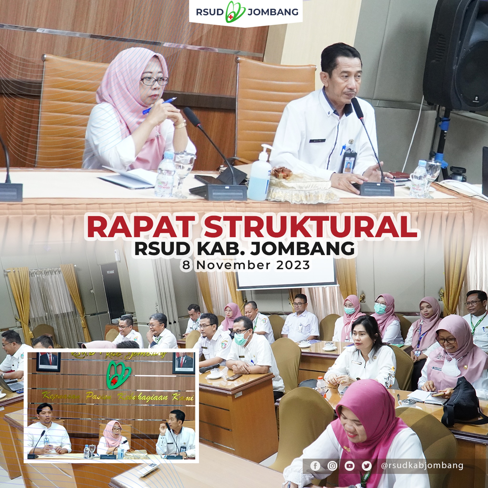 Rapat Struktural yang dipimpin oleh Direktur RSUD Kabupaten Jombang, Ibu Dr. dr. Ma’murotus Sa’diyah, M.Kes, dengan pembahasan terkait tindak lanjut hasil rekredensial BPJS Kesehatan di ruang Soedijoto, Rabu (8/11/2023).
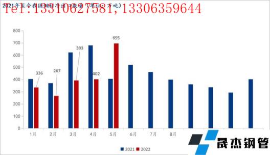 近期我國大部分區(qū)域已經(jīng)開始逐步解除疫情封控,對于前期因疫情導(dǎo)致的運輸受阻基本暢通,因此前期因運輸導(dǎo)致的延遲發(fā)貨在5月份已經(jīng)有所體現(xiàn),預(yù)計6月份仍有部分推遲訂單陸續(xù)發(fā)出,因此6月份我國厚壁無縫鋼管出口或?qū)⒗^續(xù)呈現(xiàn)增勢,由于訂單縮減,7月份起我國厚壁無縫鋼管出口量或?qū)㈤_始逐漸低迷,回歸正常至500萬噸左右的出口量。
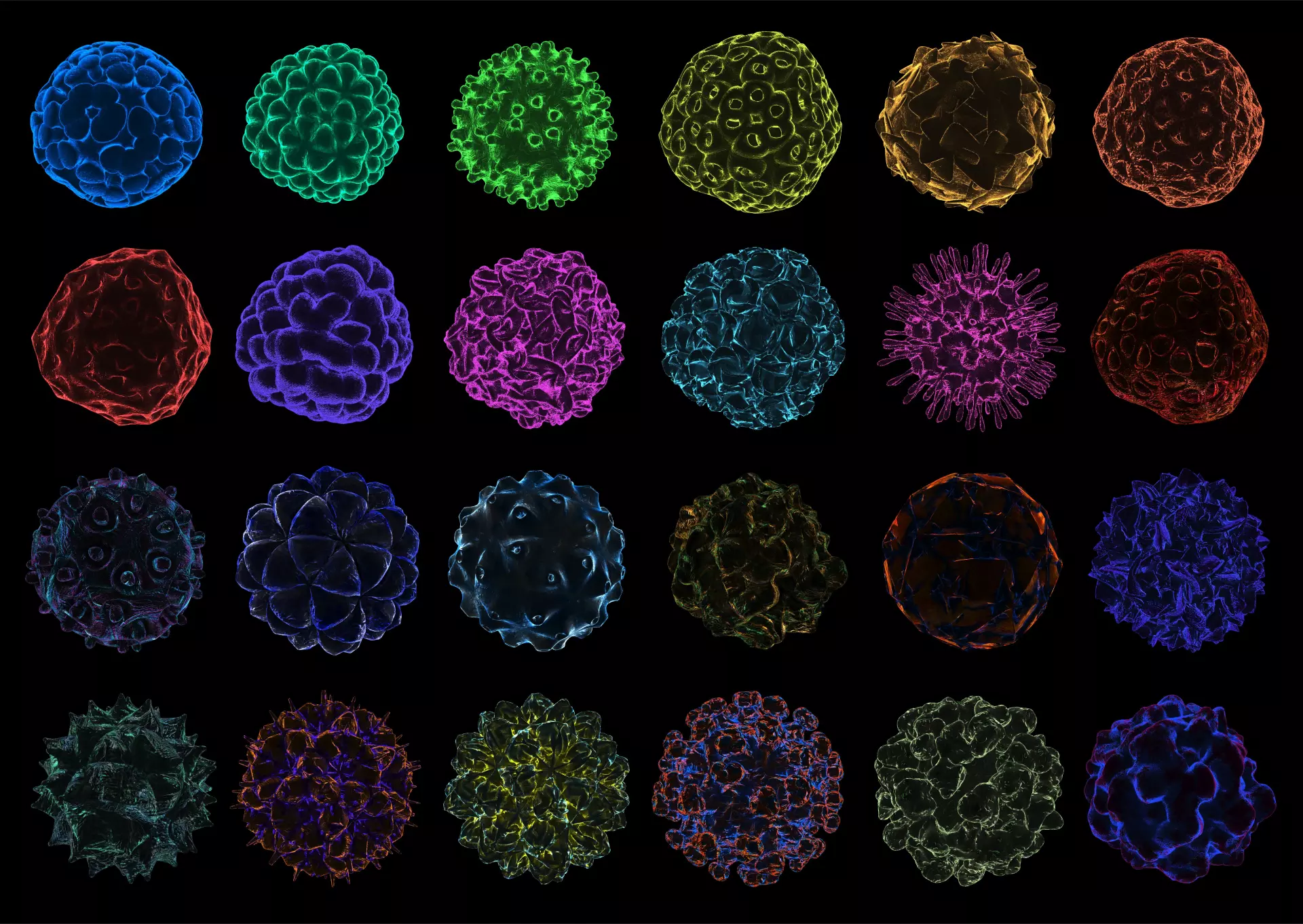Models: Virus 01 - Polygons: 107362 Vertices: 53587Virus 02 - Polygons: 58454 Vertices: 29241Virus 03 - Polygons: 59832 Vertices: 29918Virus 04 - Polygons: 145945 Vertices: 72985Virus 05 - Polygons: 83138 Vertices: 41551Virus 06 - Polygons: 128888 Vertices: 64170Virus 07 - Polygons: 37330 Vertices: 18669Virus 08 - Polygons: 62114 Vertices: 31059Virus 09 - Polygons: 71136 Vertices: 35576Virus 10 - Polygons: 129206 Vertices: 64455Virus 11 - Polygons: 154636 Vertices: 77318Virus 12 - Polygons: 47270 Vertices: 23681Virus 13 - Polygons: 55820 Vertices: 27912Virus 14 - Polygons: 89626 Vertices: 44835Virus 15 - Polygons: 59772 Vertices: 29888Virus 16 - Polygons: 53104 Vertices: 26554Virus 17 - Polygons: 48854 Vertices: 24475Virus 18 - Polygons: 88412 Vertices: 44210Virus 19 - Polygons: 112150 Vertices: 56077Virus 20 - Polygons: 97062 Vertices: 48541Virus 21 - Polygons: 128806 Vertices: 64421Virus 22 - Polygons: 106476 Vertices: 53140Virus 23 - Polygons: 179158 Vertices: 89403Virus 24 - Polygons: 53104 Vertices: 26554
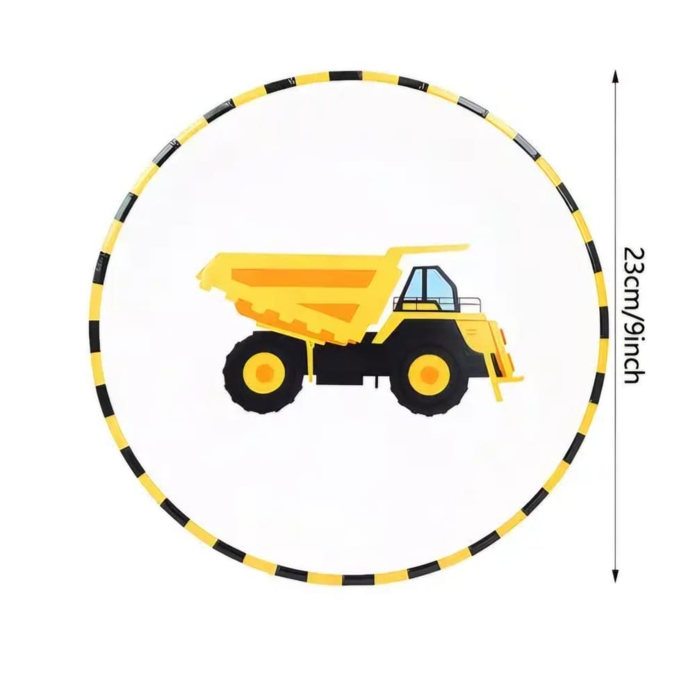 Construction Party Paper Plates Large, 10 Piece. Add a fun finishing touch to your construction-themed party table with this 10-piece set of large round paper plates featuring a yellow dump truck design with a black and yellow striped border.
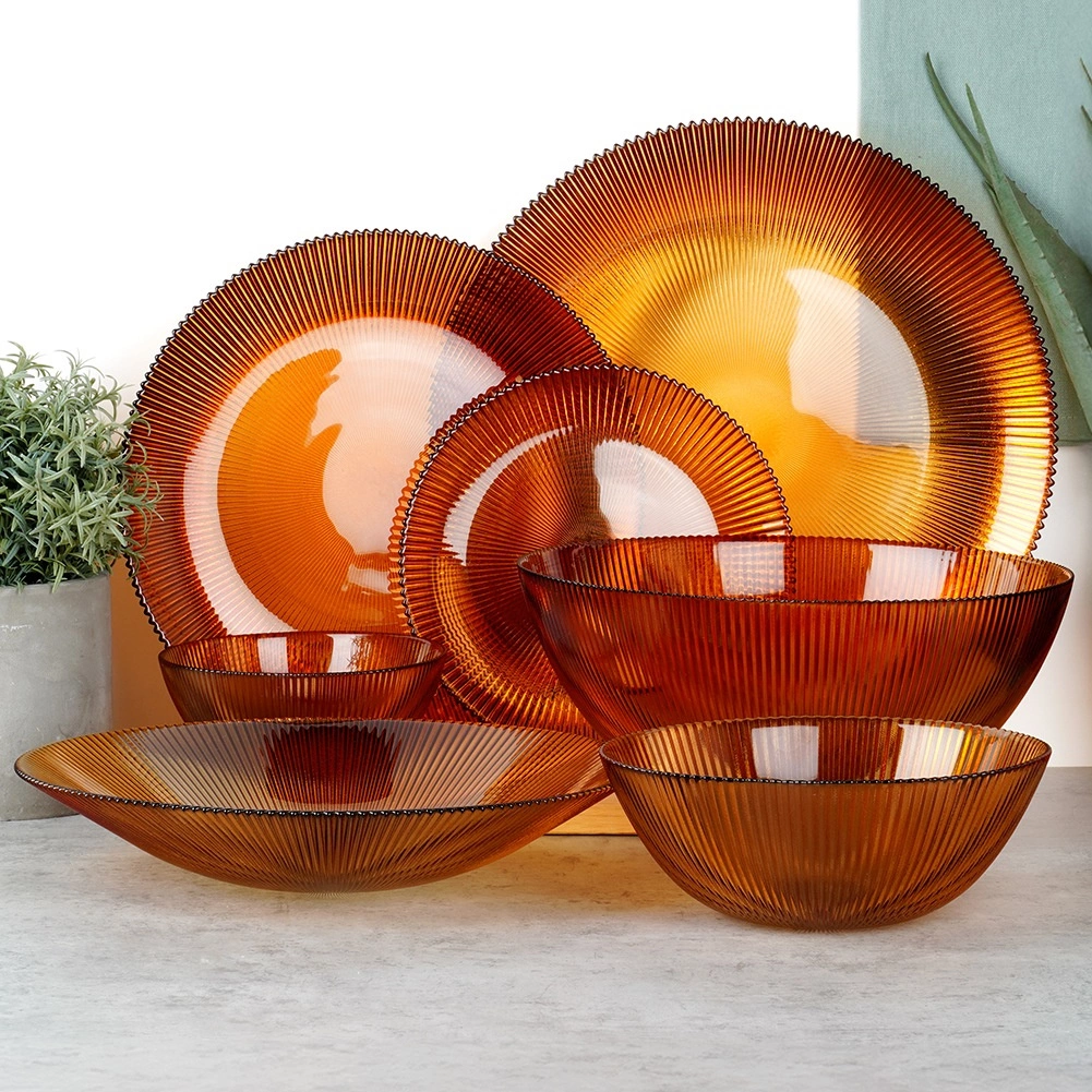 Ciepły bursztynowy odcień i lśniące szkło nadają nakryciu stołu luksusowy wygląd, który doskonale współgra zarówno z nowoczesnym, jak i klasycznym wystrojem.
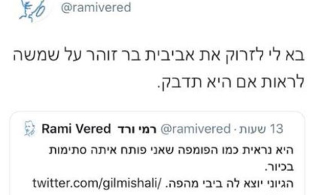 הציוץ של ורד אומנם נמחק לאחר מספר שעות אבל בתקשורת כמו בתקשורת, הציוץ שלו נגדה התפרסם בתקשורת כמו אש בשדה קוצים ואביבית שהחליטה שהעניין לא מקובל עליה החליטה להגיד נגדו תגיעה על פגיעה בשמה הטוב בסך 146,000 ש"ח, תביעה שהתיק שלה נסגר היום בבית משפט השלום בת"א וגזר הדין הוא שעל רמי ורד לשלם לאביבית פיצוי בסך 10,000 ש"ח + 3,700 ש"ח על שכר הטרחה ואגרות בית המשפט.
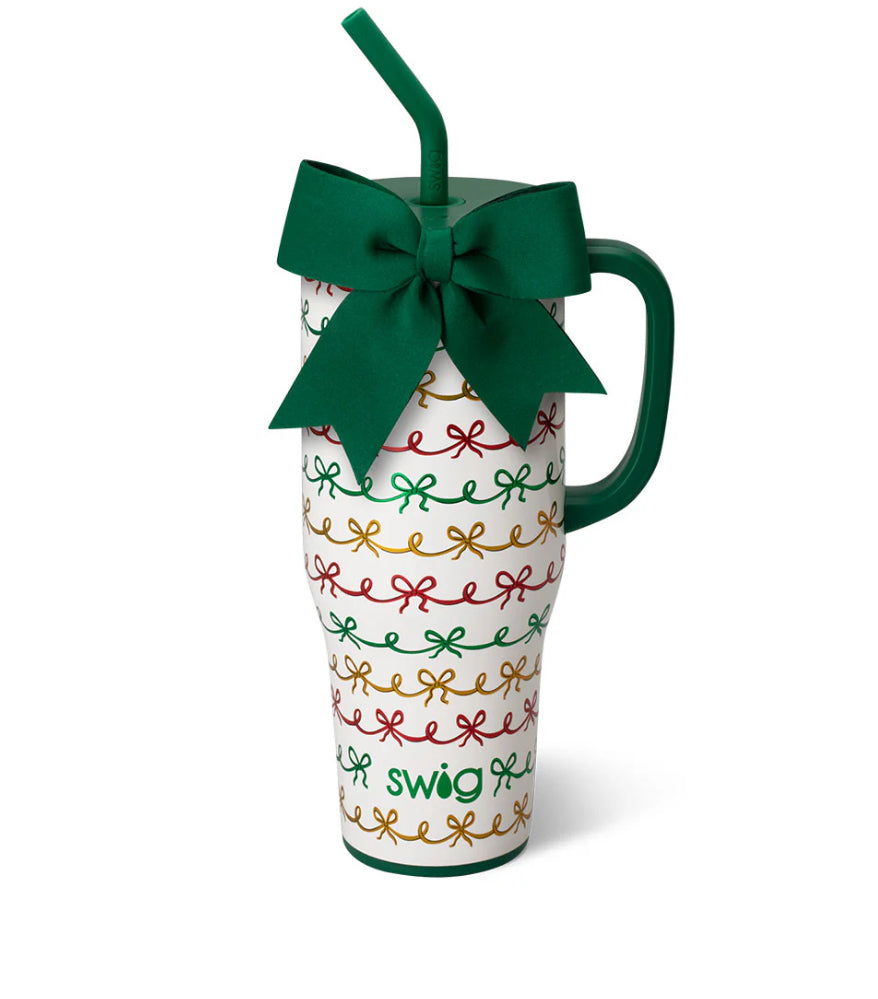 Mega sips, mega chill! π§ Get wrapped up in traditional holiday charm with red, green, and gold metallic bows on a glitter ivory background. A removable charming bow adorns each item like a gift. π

========================================

WHAT YOU ARE ASKED TO DO: Copy exactly, and copy nothing else: the lines from the start of the data above through the line that holds "近期我國大部分區(qū)域已". The pictures stay out.

THE ANSWER:
 Rapat Struktural yang dipimpin oleh Direktur RSUD Kabupaten Jombang, Ibu Dr. dr. Ma’murotus Sa’diyah, M.Kes, dengan pembahasan terkait tindak lanjut hasil rekredensial BPJS Kesehatan di ruang Soedijoto, Rabu (8/11/2023).
 近期我國大部分區(qū)域已經(jīng)開始逐步解除疫情封控,對于前期因疫情導(dǎo)致的運輸受阻基本暢通,因此前期因運輸導(dǎo)致的延遲發(fā)貨在5月份已經(jīng)有所體現(xiàn),預(yù)計6月份仍有部分推遲訂單陸續(xù)發(fā)出,因此6月份我國厚壁無縫鋼管出口或?qū)⒗^續(xù)呈現(xiàn)增勢,由于訂單縮減,7月份起我國厚壁無縫鋼管出口量或?qū)㈤_始逐漸低迷,回歸正常至500萬噸左右的出口量。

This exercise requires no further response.